[英]How To Fill New Column With Values From Second Dataframe but Dependent on Different Existing Column in Current Dataframe using Pandas
I created an informational table, which is very long (think nearly 100 observations or just under).我创建了一个信息表,它很长(想想近 100 次观察或略低于)。 I have a main table (around 70K onservations) where I need to create a new column and fill it based on matching values between my two dataframes but I need to fill the new column the cells with data from my information table.我有一个主表(大约 70K onservations),我需要在其中创建一个新列并根据我的两个数据帧之间的匹配值填充它,但我需要用我的信息表中的数据填充新列的单元格。
I created a small dataset but my real dataset (which I can't share because my prof signed a non-diclosure) has like 70K observations.我创建了一个小数据集,但我的真实数据集(我无法分享,因为我的教授签署了保密协议)大约有 70K 观察。

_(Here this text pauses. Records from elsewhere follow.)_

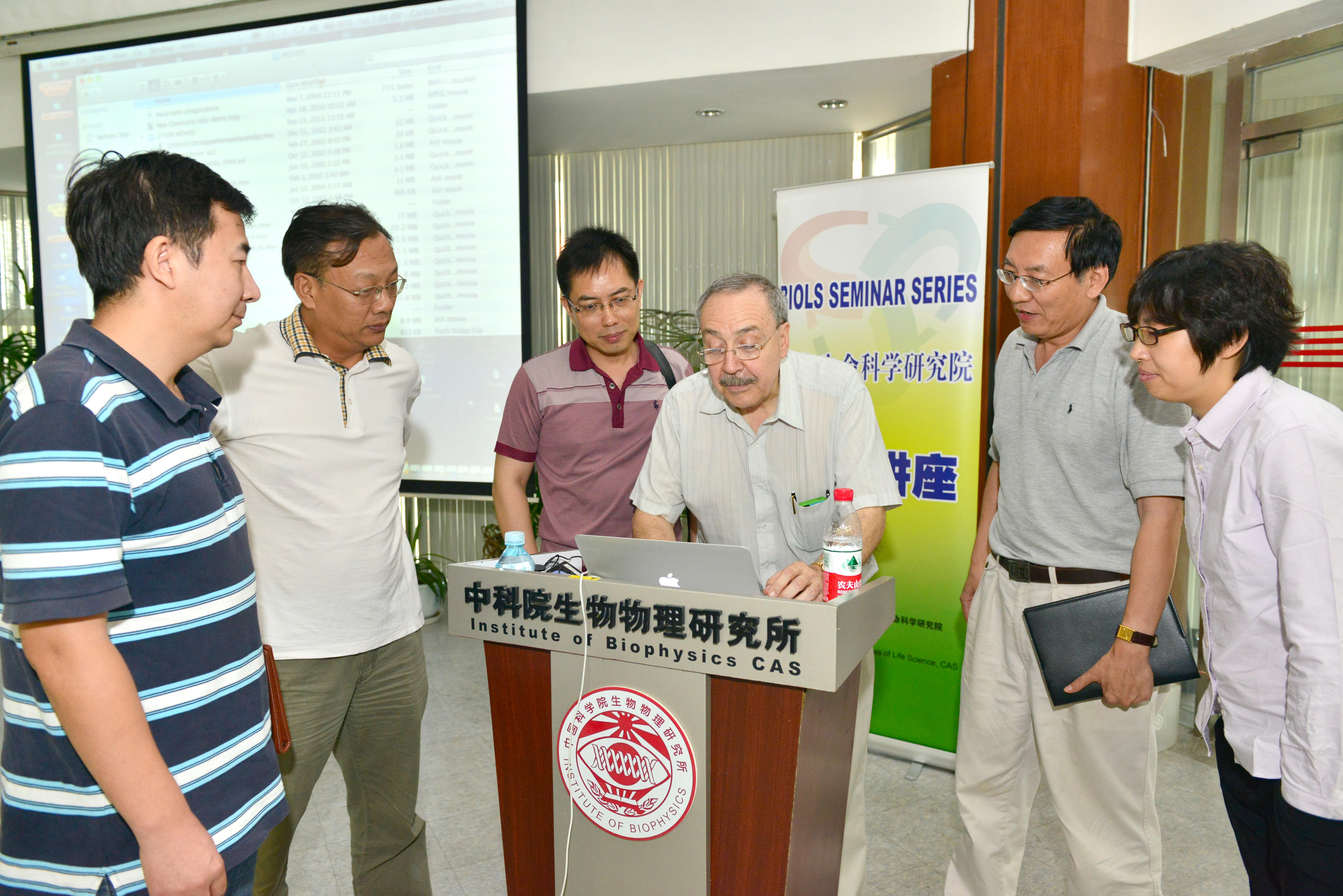 2013年8月24日下午,应中科院生物物理所秦燕研究员的邀请,美国加州伯克利学院分子与细胞生物学系Carlos J. Bustamante教授来我所做学术交流活动,在9501会议室做了题为“Division of Labor and Coordination Among the Subunits of a Viral Ring ATPase”的学术报告。报告由秦燕研究员主持,研究所的科研人员以及所内外广大学生聆听了报告。作为北京生命科学研究院精品讲座和生物物理所建所55周年所庆的系列活动,本次学术报告得到了北京生命科学研究院和生物物理所的大力支持。
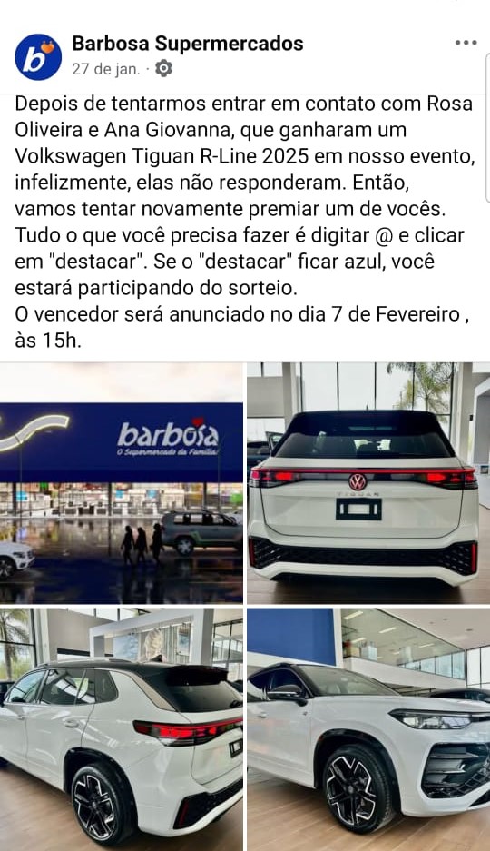 Desta vez, a onda do sorteio está usando o nome da rede Barbosa Supermercados, com sede em Guarulhos, e que tem filiais em várias cidades da Grande São Paulo, além de uma na capital. A isca para atrair as pessoas é um novo ‘sorteio’ de um VW Tiguan R-Line 25, cujos ganhadores anteriores não teriam retirado o prêmio.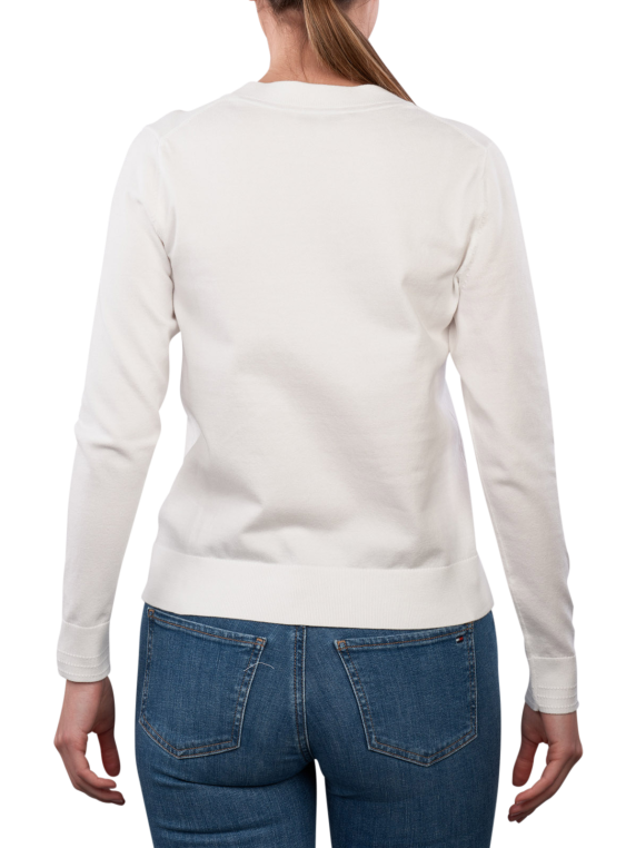 The Tommy Hilfiger V Neck sweater in Ecru features a classic V-neckline and is made from a blend of organic cotton and polyamide. It is suitable for various occasions and can be easily combined. The sweater can be washed at 30°C on a gentle cycle and is easy to care for. The simple color and timeless cut make it a versatile piece in any wardrobe.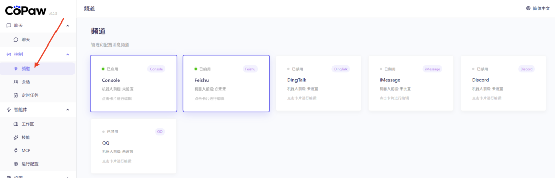 以飞书为例,在Copaw的配置页面里找到“频道”页,进入。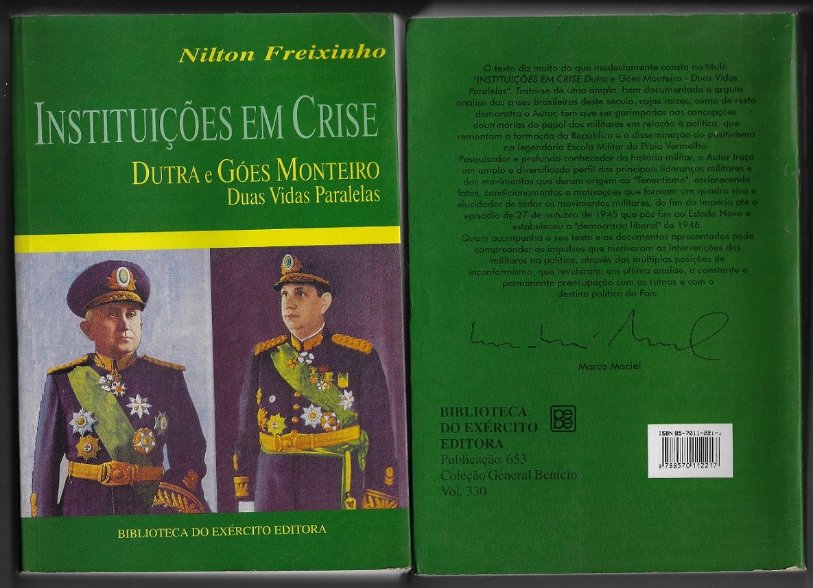 | 19220 | FREIXINHO, Nilton. "Instituições em Crise: Dutra e Góes Monteiro, Duas Vidas Paralelas", Editora Bibliex, 1997, 411 páginas, ótimo estado | 15,00 | Foto |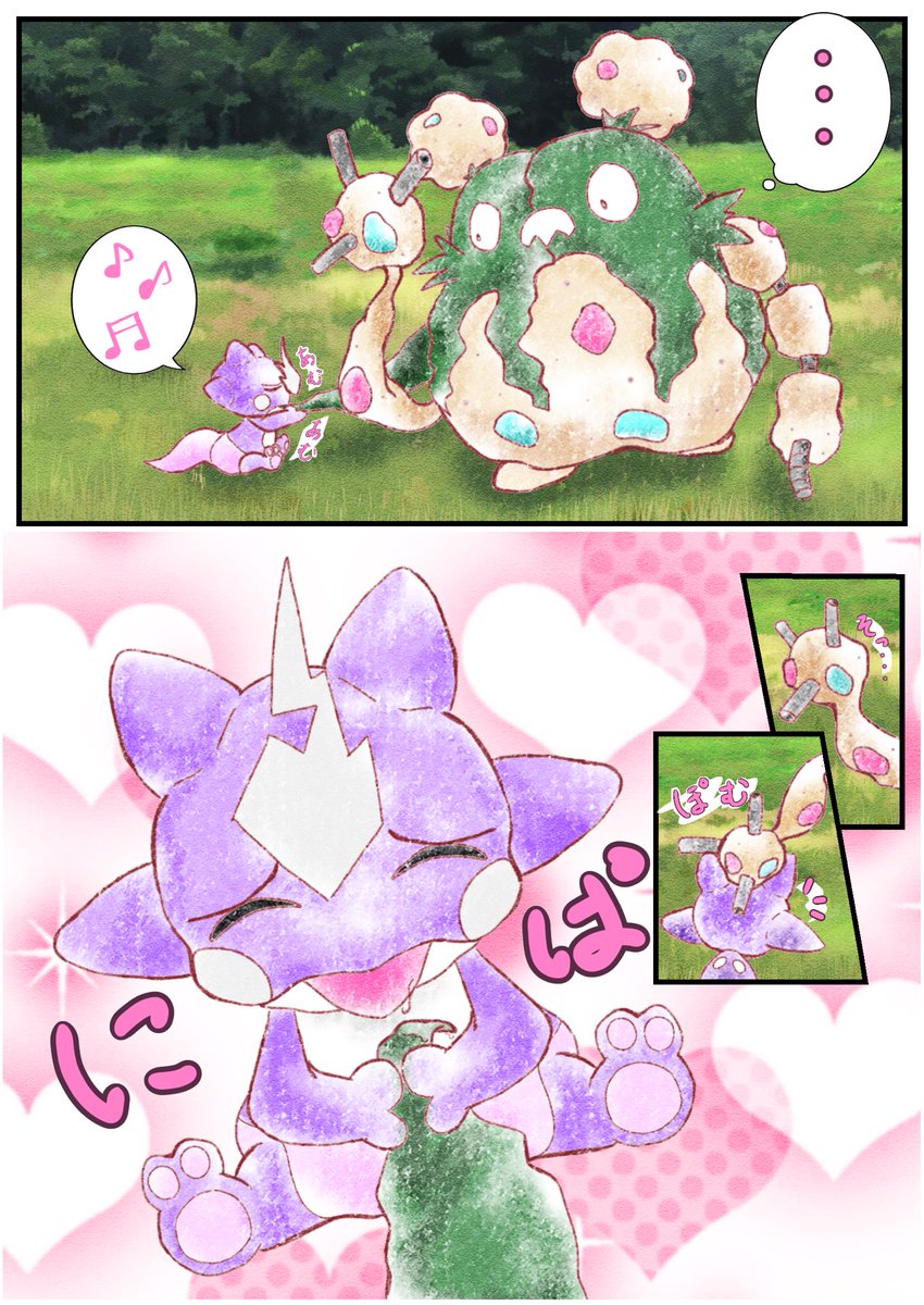 9 29 毒の日なので(うちの子設定の)エレズンとダストダスの出会いを描いてみました☺️ 背景は時間なかったのでそれっぽい素材を使ってます #毒タイプの日 #毒ポケモンの日 22/10/09 20:28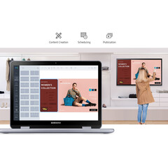 - Интегрирано решение за управление на съдържание и устройства. Решението MagicINFO на Samsung позволява лесно създаване на съдържание за сензорен дисплей Samsung QM55B-T и лесно планиране и управление от селекция от подбрани изображения и видеоклипове.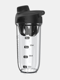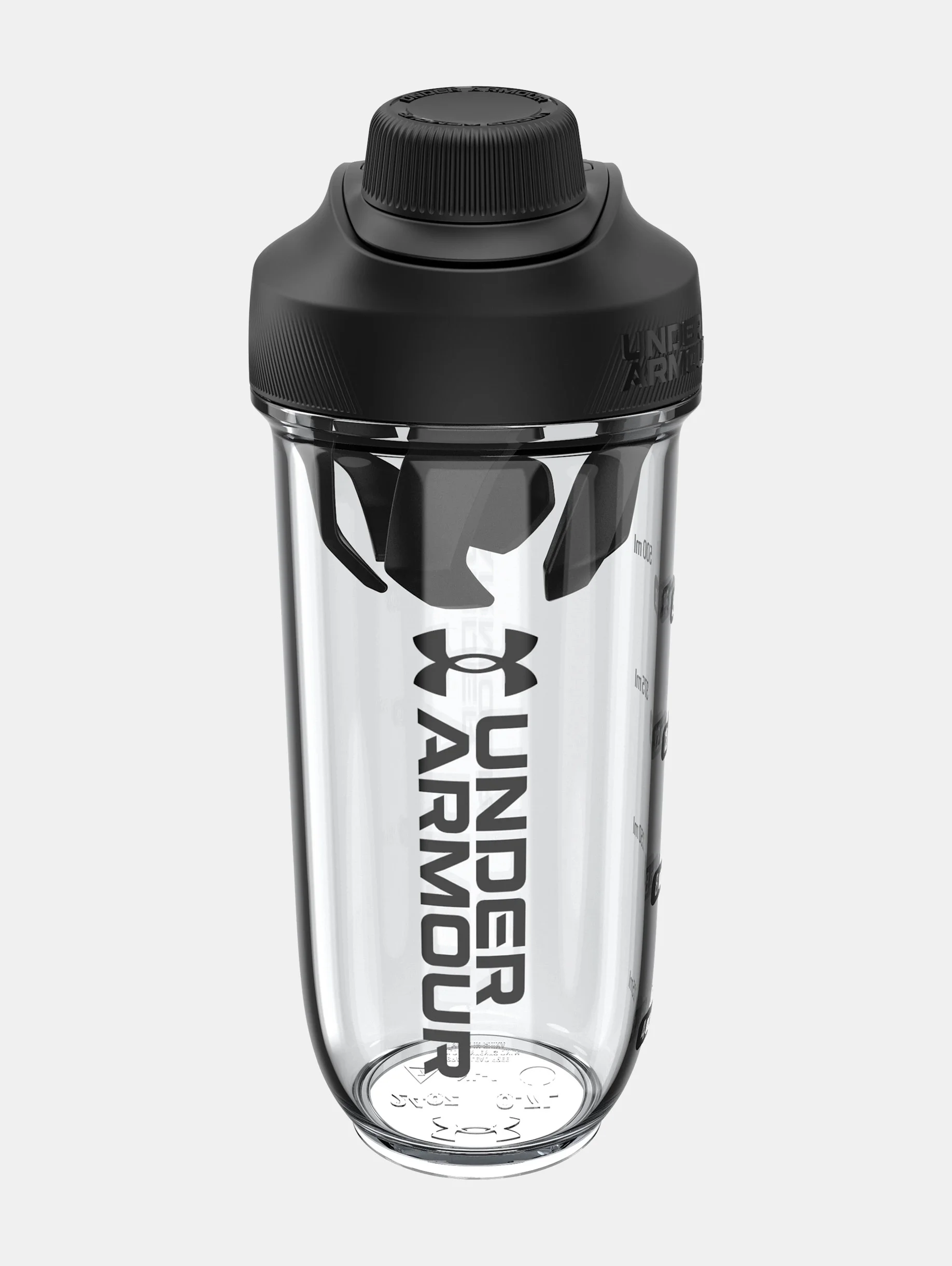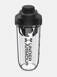 What's it do? A shaker bottle that is easy to use and hold onto, and is shatter-, stain-, and odor-resistant. No leaks, no clumps, no microplastics—plus it's easy to clean. Product DNA - Made with 50% certified recycled material, the equivalent of 5 single-use bottles - Removable agitator that delivers a near-quiet shake & doesn't generate microplastics - Lockable, leak-resistant lid also helps keep spout clean - Angled spout design makes it easier to sip when active & on the run - Twist cap with finger imprint & contoured design for a secure, more comfortable hold when you shake - Top cap easily rotates to stay out of the way when drinking & stowable finger loop makes for easy carry - Marked with ounces & milliliters for easy measuring - BPA & lead free - No Fit Type - Style #: 1390508 - Capacity: 24 oz. - Dimensions: 9" H x 3.5" W x 4" D - Weight: 9.5 oz (0.6 lbs.) - Manufactured by USB, exclusive licensee of Under Armour® - Imported

data_1 (info table) data_1(信息表)
Animal Food
Dog Stake
Cat Fish
Rabbit Carrot
data 2 (original table)数据2(原表)
Name Animal Age
Binxy Dog 1
Al Rabbit 4
Sam Dog 11
Dexter Cat 9
Dory Hamster 6
Chloe Cat 5
desired data_frame所需的数据帧
Name Animal Age Fed [new column]
Binxy Dog 1 Stake
Al Rabbit 4 Carrot
Sam Dog 11 Stake
Dexter Cat 9 Fish
Dory Hamster 6 NaN
Chloe Cat 5 Fish
my gut tells me it probably has to do with iloc
or loc
and using some bloonean values.我的直觉告诉我这可能与iloc
或loc
以及使用一些 bloonean 值有关。 Verbally I would say:口头上我会说:
I think merge
might work but I'm not certain if it would fill it for every matching value.我认为merge
可能会起作用,但我不确定它是否会为每个匹配的值填充它。 I'm not very good at merges because I struggle to understand the join feature but I don't think values would be inserted where I need them because my dataframes are not the same length.我不太擅长合并,因为我很难理解连接功能,但我认为不会在我需要它们的地方插入值,因为我的数据帧长度不同。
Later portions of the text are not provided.